● EXERCISE DETAILS
Every line below from the one with "Des rats modèles" through the one with "Câu 1. Điều" is to be repeated exactly, with no picture among them.

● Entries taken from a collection
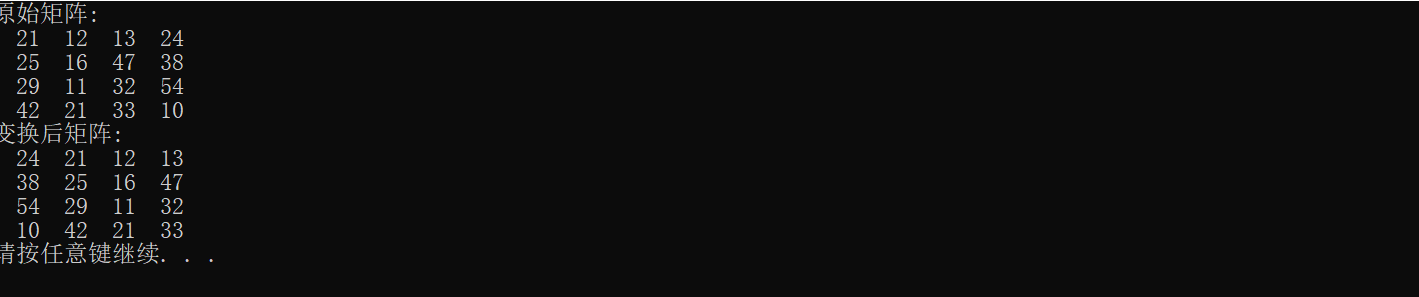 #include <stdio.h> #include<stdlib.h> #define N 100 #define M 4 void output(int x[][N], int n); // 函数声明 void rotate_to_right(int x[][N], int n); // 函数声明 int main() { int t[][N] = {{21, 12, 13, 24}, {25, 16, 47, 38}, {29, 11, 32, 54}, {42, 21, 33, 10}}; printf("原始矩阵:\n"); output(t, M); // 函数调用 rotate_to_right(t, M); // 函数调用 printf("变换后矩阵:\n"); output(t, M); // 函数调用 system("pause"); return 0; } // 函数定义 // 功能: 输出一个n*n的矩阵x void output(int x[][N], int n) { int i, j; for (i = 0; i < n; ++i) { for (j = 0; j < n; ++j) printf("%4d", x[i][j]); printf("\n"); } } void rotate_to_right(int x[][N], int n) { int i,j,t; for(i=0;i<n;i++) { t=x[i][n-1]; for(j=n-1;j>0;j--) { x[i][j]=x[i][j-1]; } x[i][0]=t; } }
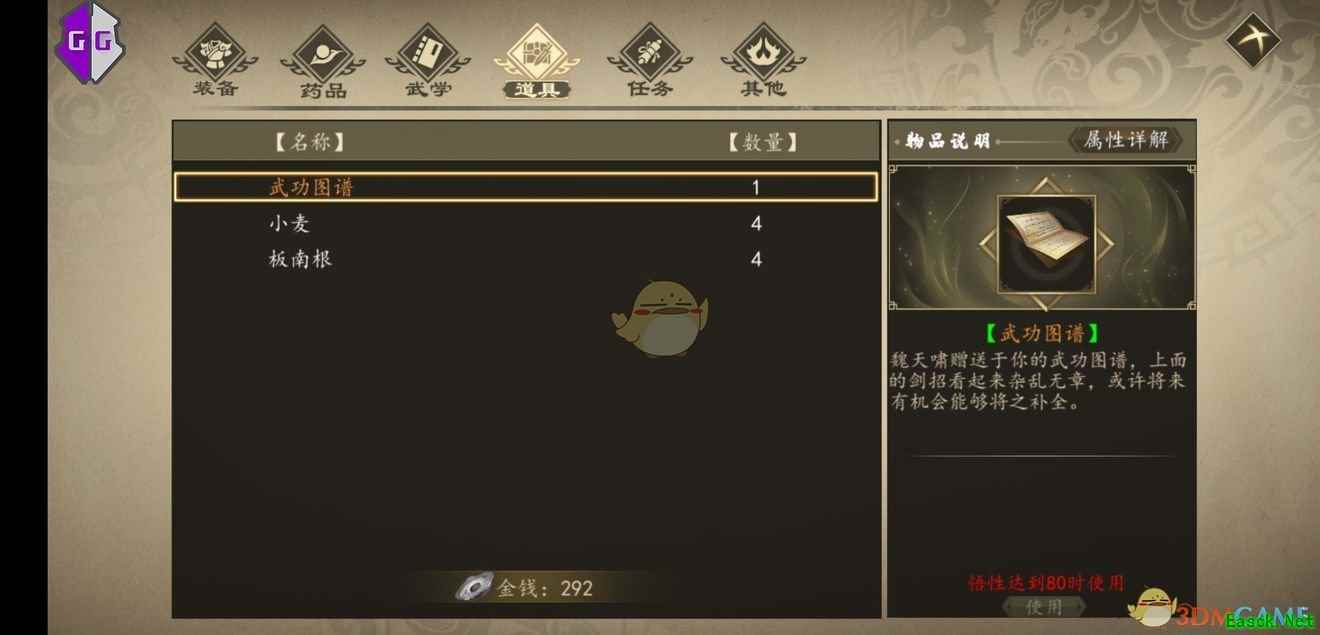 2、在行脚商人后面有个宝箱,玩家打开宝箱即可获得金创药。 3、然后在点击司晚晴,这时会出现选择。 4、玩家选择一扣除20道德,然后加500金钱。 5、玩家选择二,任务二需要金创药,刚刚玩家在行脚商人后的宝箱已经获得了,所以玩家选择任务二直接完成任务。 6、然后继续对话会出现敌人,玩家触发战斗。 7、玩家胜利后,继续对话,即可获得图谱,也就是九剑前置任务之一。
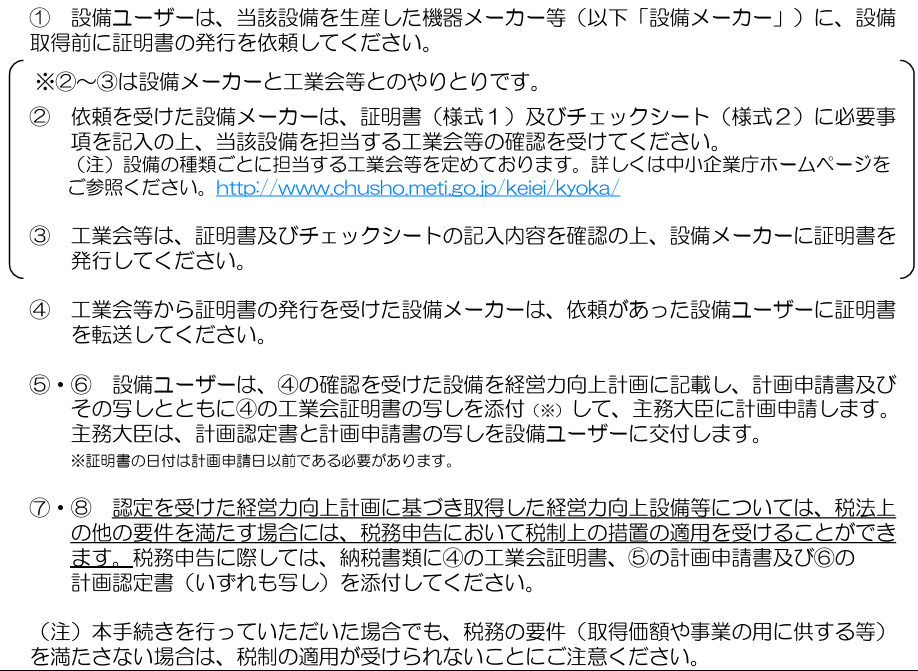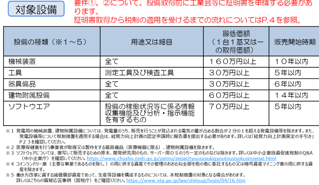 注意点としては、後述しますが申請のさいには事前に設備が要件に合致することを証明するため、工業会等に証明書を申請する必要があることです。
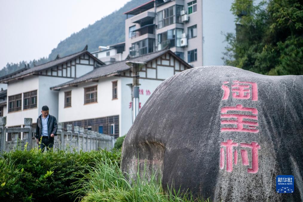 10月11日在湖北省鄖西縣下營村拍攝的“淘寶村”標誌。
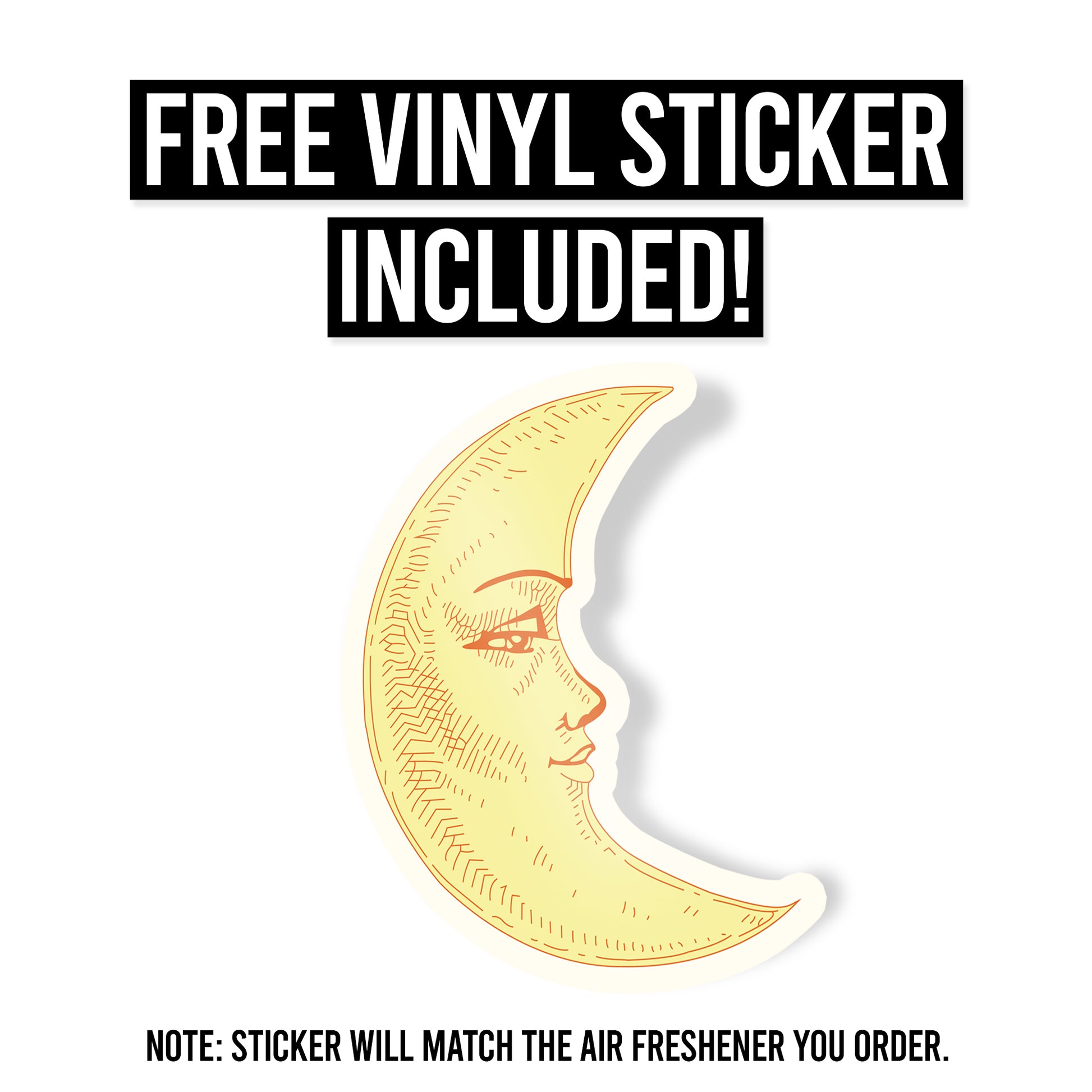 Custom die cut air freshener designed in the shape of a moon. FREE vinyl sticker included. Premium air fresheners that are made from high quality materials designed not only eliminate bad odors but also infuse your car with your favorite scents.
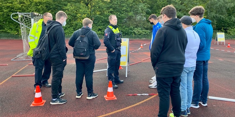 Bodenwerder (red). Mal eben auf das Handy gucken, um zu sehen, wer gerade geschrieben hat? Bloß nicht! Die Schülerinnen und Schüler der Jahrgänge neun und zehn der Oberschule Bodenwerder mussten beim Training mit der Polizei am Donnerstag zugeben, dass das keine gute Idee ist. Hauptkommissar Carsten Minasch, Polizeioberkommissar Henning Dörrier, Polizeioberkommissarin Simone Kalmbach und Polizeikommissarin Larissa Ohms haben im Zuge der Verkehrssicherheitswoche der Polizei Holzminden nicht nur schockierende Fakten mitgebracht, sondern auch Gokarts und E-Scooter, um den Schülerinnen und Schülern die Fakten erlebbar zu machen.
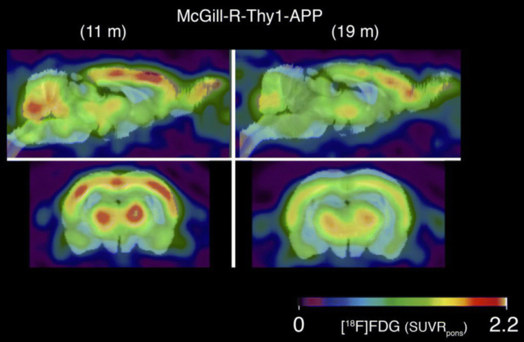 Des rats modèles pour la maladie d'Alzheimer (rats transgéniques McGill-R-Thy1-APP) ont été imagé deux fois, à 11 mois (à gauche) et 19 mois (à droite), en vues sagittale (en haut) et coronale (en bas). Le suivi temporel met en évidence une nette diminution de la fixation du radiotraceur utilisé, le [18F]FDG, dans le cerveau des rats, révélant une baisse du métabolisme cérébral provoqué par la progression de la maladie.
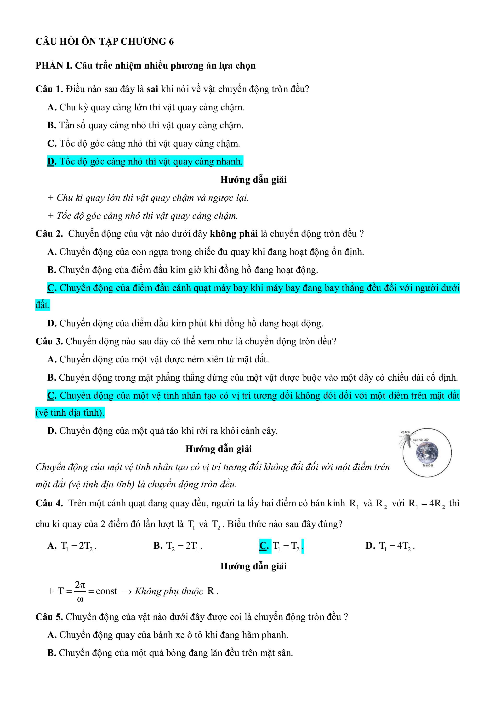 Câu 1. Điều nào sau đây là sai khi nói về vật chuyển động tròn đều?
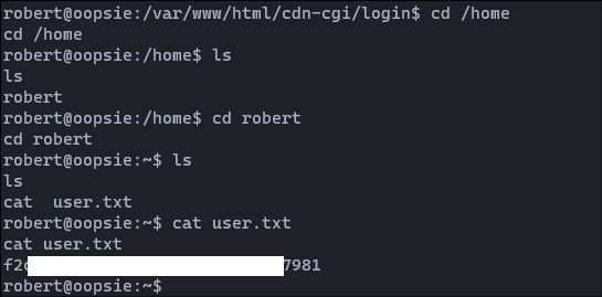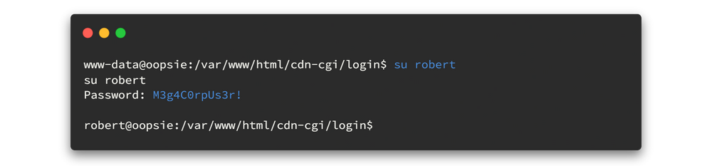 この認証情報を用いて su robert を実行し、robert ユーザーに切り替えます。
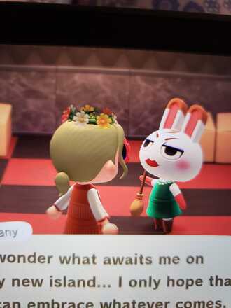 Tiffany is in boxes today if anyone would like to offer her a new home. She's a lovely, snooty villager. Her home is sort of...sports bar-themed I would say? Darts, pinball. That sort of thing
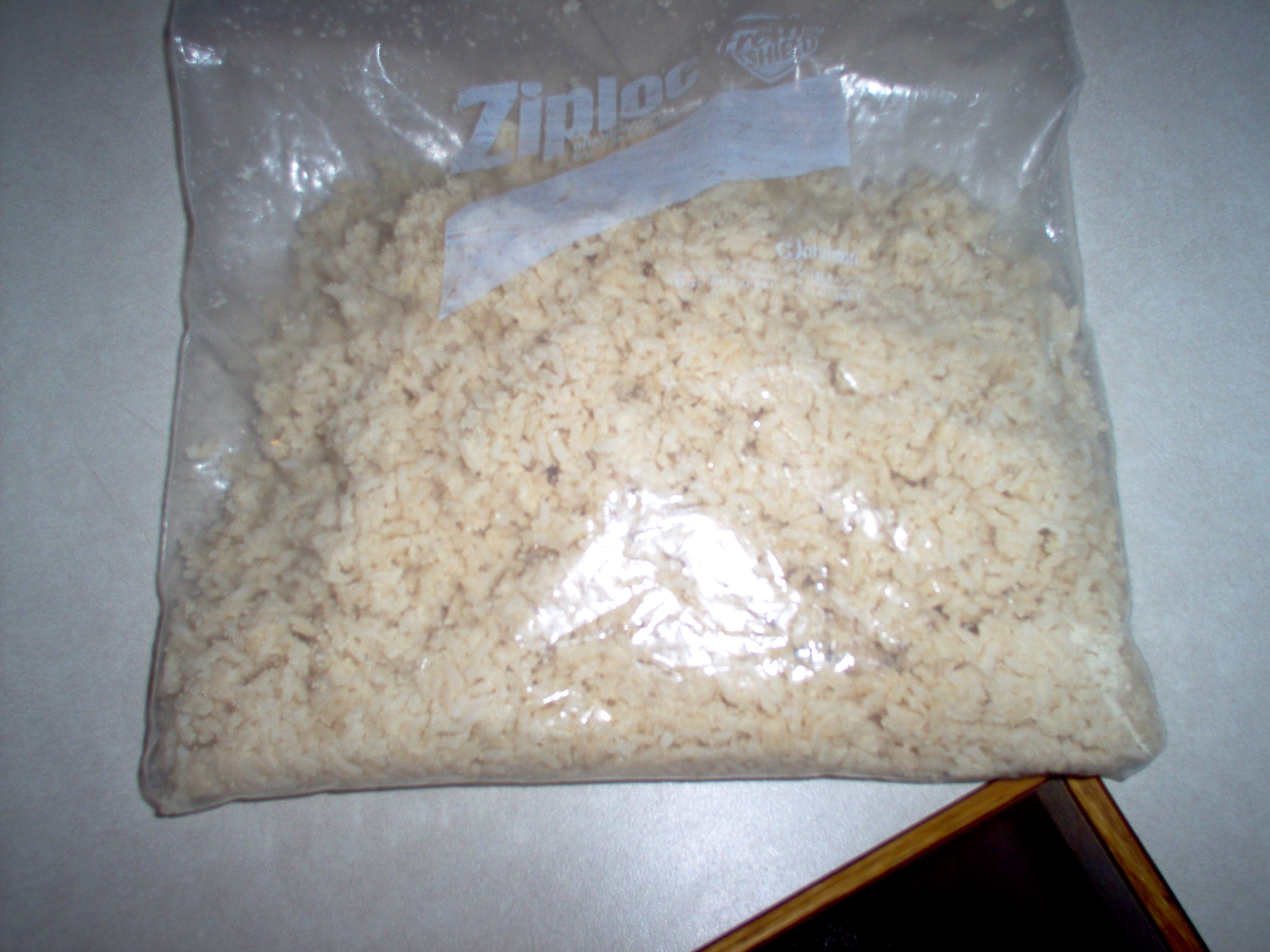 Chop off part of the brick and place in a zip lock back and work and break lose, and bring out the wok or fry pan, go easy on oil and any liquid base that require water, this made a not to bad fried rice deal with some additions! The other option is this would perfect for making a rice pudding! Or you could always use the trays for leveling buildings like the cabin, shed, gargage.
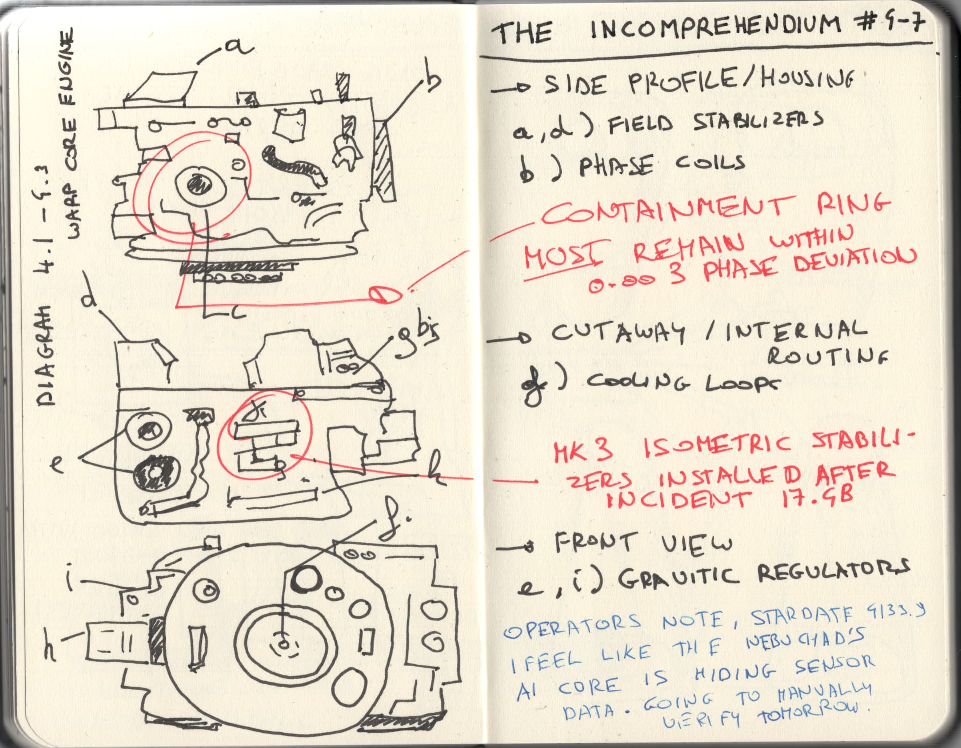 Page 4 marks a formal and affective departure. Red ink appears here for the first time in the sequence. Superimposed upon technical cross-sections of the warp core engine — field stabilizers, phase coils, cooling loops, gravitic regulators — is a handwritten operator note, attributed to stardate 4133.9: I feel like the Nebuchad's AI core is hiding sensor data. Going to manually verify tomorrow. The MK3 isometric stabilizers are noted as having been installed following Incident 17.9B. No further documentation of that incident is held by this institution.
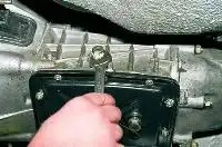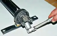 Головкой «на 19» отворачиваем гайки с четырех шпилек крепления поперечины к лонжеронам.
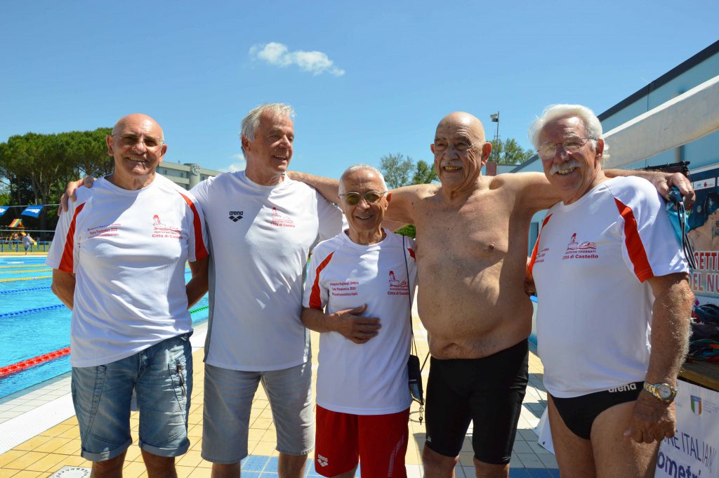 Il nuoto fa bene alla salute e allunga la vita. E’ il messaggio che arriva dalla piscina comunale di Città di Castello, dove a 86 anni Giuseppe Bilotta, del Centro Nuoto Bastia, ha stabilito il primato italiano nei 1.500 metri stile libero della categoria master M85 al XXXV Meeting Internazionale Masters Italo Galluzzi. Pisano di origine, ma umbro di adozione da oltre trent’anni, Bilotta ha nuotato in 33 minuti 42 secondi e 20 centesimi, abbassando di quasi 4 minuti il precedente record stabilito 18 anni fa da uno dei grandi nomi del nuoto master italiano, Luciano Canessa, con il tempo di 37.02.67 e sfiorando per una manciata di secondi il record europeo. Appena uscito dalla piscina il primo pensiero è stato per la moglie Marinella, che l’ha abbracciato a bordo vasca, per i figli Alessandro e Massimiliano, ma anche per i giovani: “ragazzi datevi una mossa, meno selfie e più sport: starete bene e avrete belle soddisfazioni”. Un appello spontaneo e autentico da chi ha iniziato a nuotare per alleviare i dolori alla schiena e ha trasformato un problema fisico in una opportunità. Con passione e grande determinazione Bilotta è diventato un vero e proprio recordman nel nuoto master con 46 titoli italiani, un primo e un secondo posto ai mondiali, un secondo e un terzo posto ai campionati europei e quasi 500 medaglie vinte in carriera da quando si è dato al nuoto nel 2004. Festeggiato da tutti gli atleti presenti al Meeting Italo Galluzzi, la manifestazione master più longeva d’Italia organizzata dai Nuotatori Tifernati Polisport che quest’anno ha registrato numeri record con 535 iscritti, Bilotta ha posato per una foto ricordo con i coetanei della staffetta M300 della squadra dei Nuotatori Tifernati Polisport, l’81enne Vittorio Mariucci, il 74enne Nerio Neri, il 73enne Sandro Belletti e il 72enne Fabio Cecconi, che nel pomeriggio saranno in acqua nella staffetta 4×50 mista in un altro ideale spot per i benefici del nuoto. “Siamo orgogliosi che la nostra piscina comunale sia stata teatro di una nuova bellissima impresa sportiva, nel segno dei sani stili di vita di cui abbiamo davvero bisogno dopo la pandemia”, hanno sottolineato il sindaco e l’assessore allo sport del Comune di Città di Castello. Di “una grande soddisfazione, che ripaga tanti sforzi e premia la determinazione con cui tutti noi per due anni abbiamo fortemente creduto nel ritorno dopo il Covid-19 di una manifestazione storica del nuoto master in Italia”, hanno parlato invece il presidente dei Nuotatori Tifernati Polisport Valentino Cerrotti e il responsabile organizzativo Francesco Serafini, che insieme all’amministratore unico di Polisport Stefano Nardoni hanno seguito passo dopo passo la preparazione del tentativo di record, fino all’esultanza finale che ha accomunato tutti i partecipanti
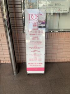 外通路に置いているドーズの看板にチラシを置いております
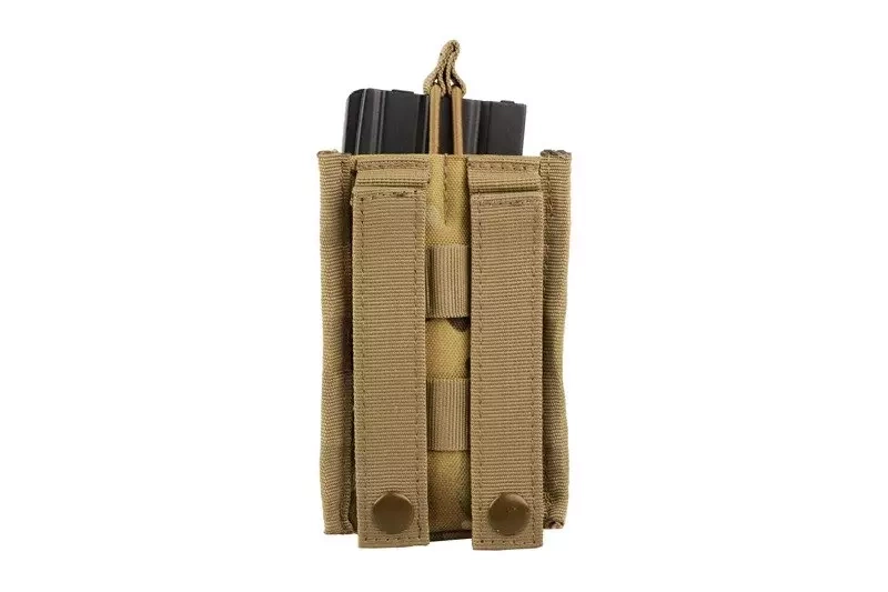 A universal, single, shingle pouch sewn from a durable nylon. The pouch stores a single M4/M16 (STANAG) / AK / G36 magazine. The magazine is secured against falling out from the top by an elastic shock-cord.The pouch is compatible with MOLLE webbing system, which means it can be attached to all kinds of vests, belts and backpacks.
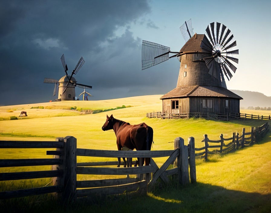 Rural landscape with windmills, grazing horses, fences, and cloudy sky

● REPLY
 Des rats modèles pour la maladie d'Alzheimer (rats transgéniques McGill-R-Thy1-APP) ont été imagé deux fois, à 11 mois (à gauche) et 19 mois (à droite), en vues sagittale (en haut) et coronale (en bas). Le suivi temporel met en évidence une nette diminution de la fixation du radiotraceur utilisé, le [18F]FDG, dans le cerveau des rats, révélant une baisse du métabolisme cérébral provoqué par la progression de la maladie.
 Câu 1. Điều nào sau đây là sai khi nói về vật chuyển động tròn đều?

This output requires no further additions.